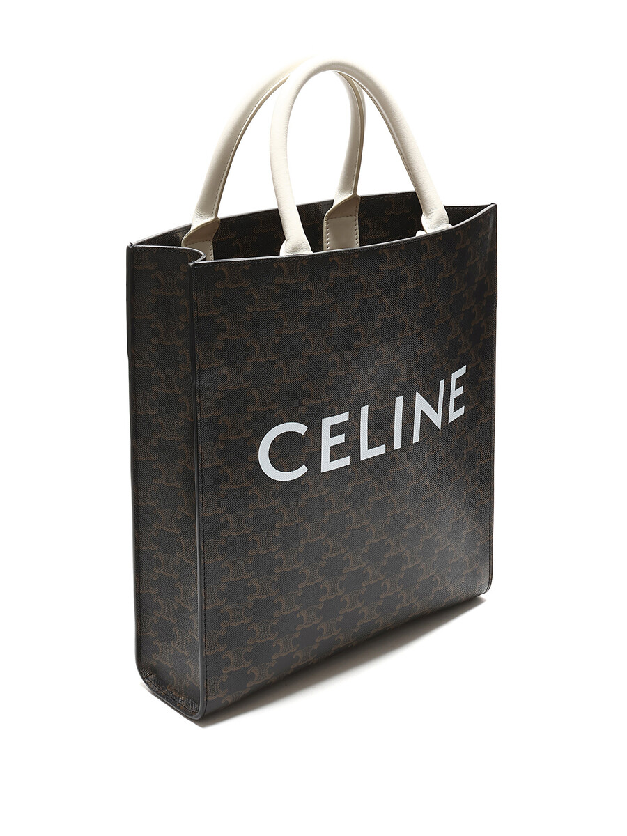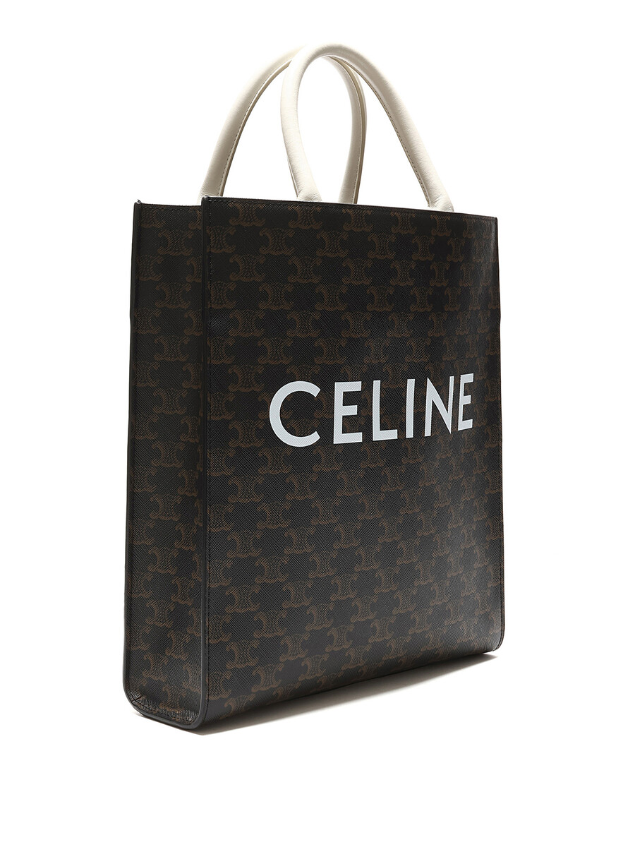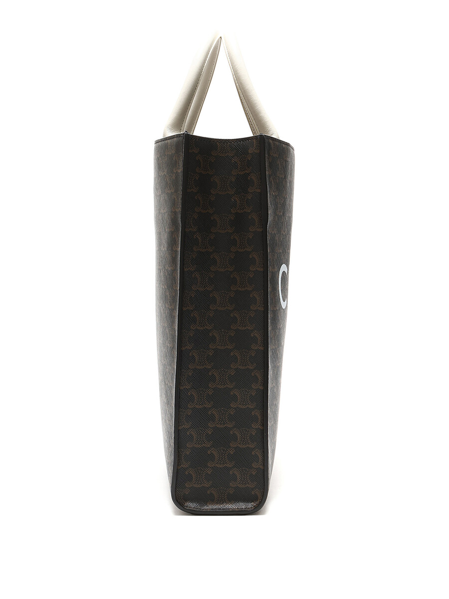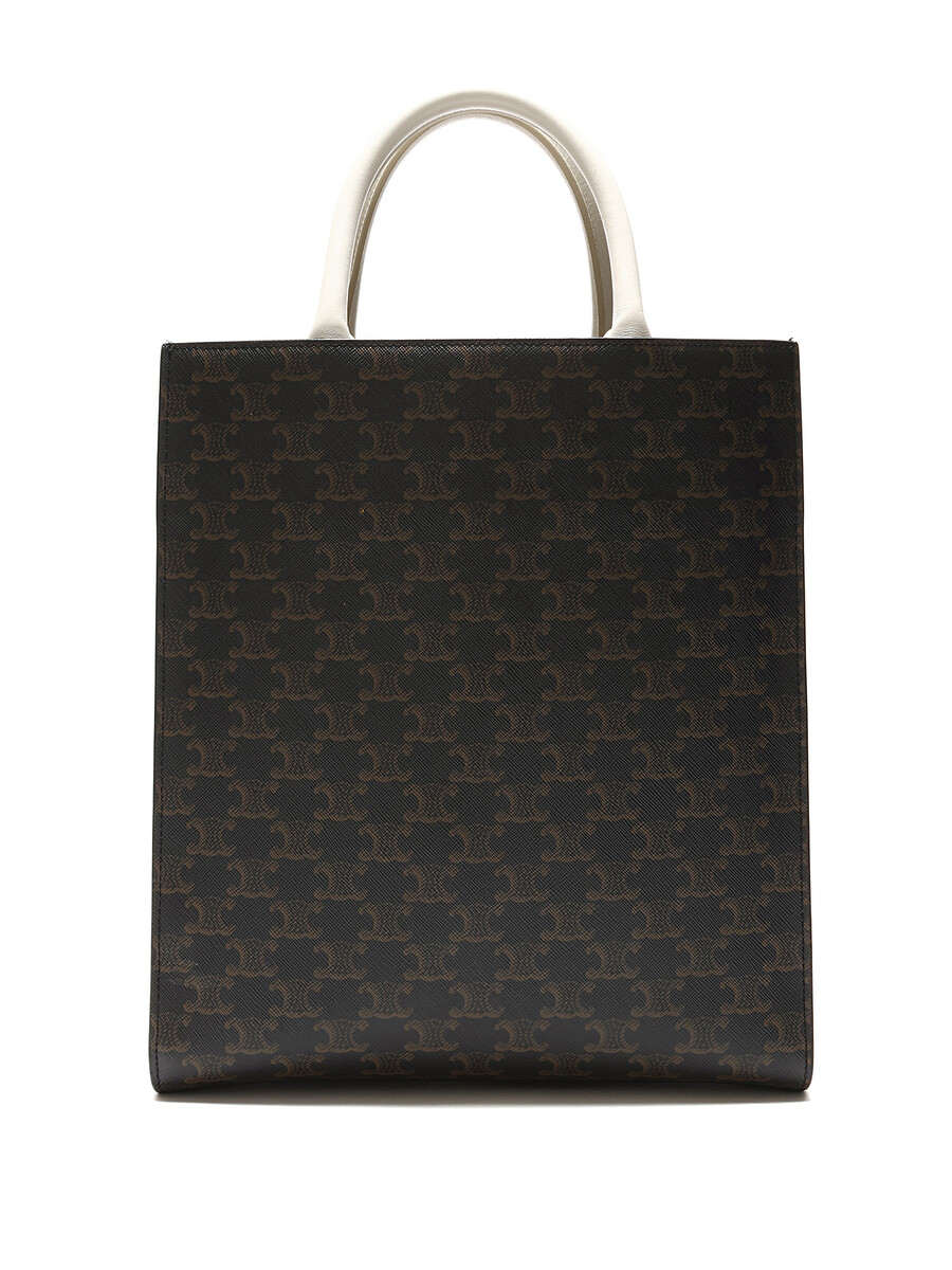 Petit cabas vertical en toile enduite avec motif Triomphe emblématique en brun et blanc. Haut ouvert avec anses cousues et garnitures en cuir. Avec dust bag.
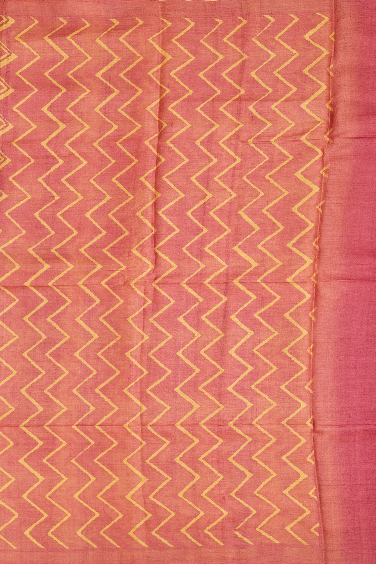 Tussar Silk Saree In Ochre Orange With Chevron Design
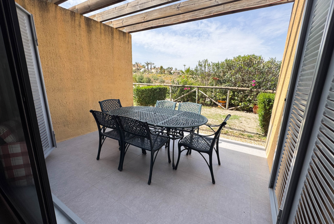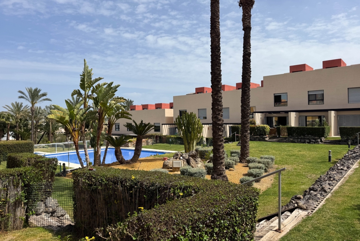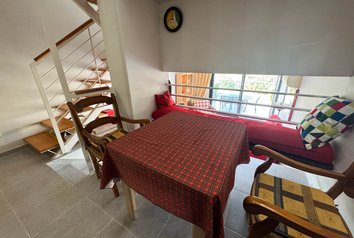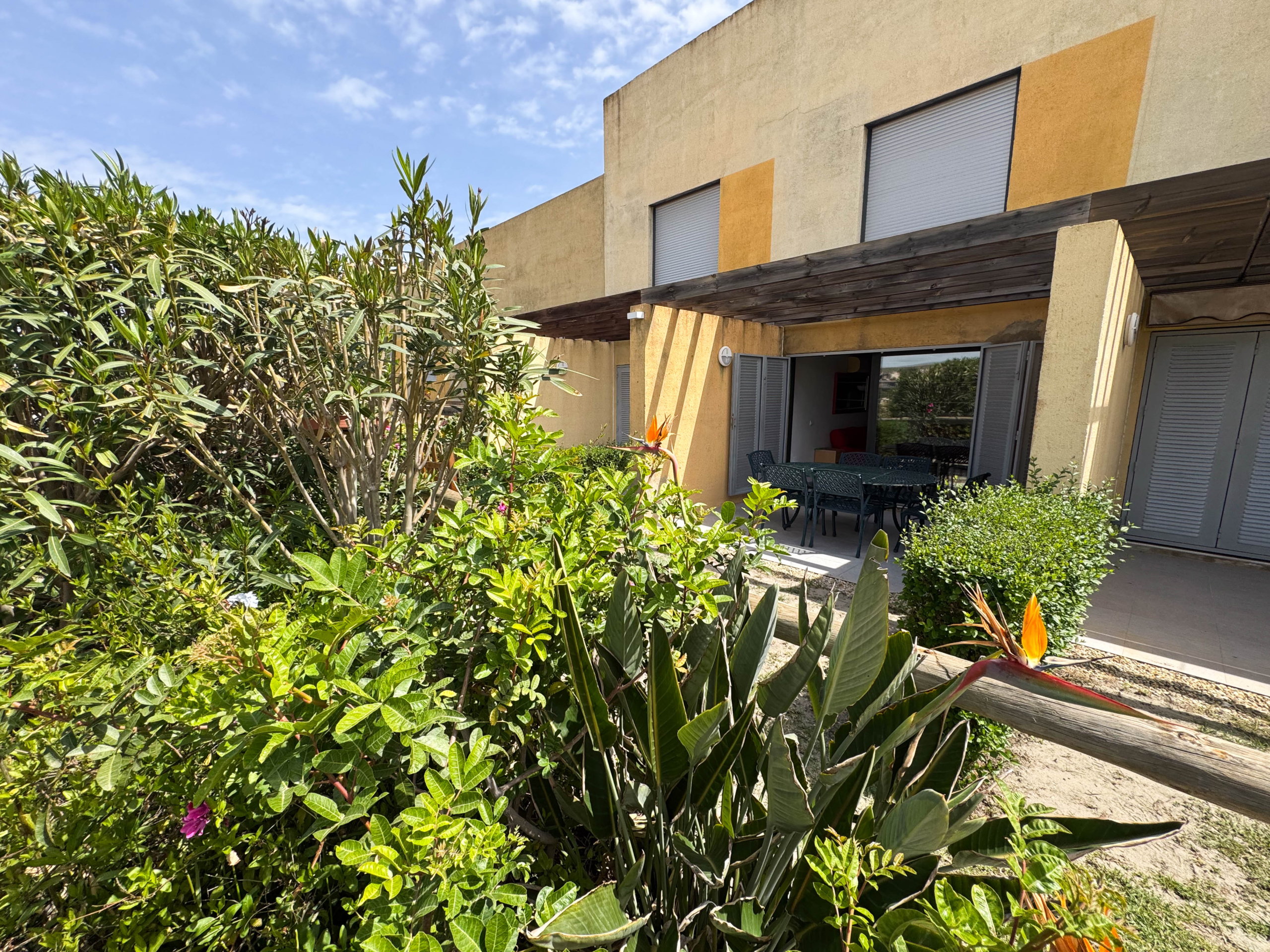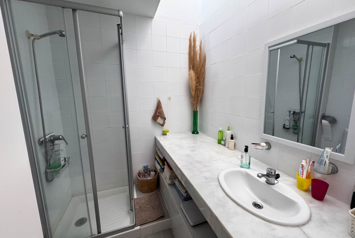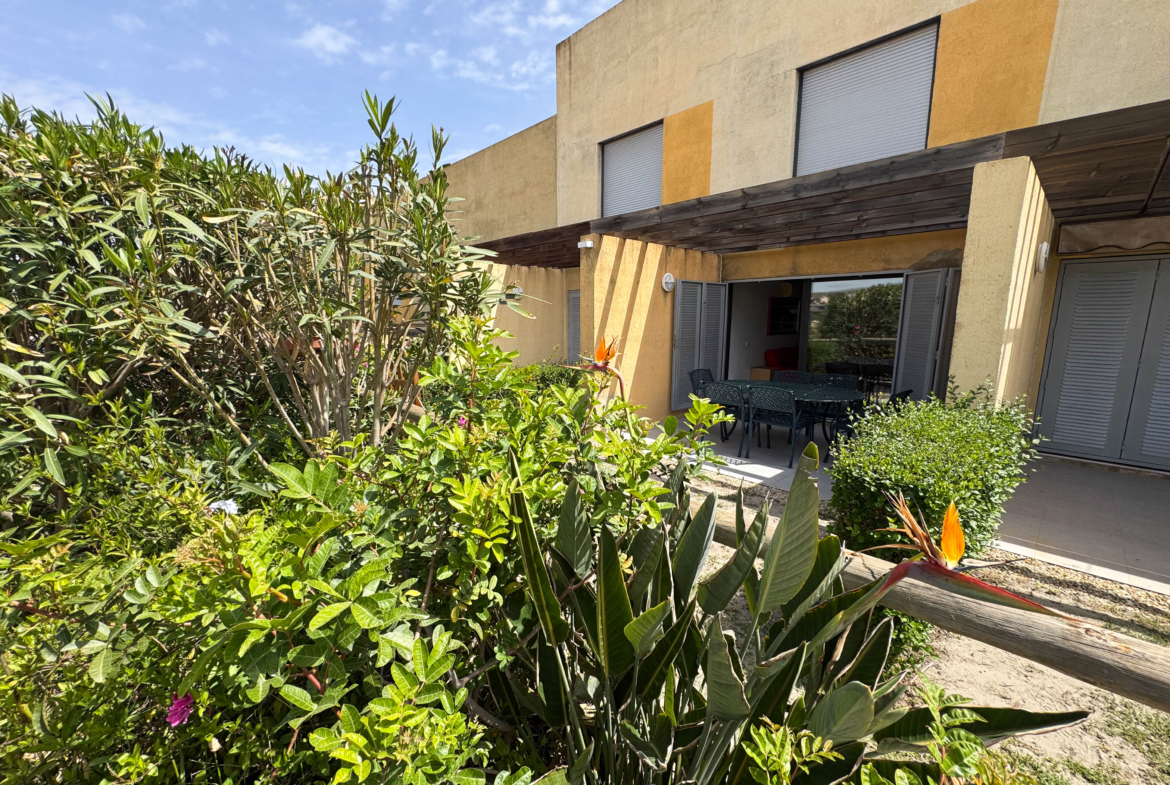 The second floor houses the two bedrooms and a bathroom with a walk-in shower, offering privacy and comfort. Furthermore, the 14-square-meter solarium at the top is the perfect spot for sunbathing or enjoying the starry nights. The community-maintained garden adds a touch of greenery and freshness to the surroundings.

[PROBLEM STATEMENT] Make an exact copy of the data above, pictures excluded.

[ANSWER FOR THE TASK]
 Petit cabas vertical en toile enduite avec motif Triomphe emblématique en brun et blanc. Haut ouvert avec anses cousues et garnitures en cuir. Avec dust bag.
 Tussar Silk Saree In Ochre Orange With Chevron Design
 The second floor houses the two bedrooms and a bathroom with a walk-in shower, offering privacy and comfort. Furthermore, the 14-square-meter solarium at the top is the perfect spot for sunbathing or enjoying the starry nights. The community-maintained garden adds a touch of greenery and freshness to the surroundings.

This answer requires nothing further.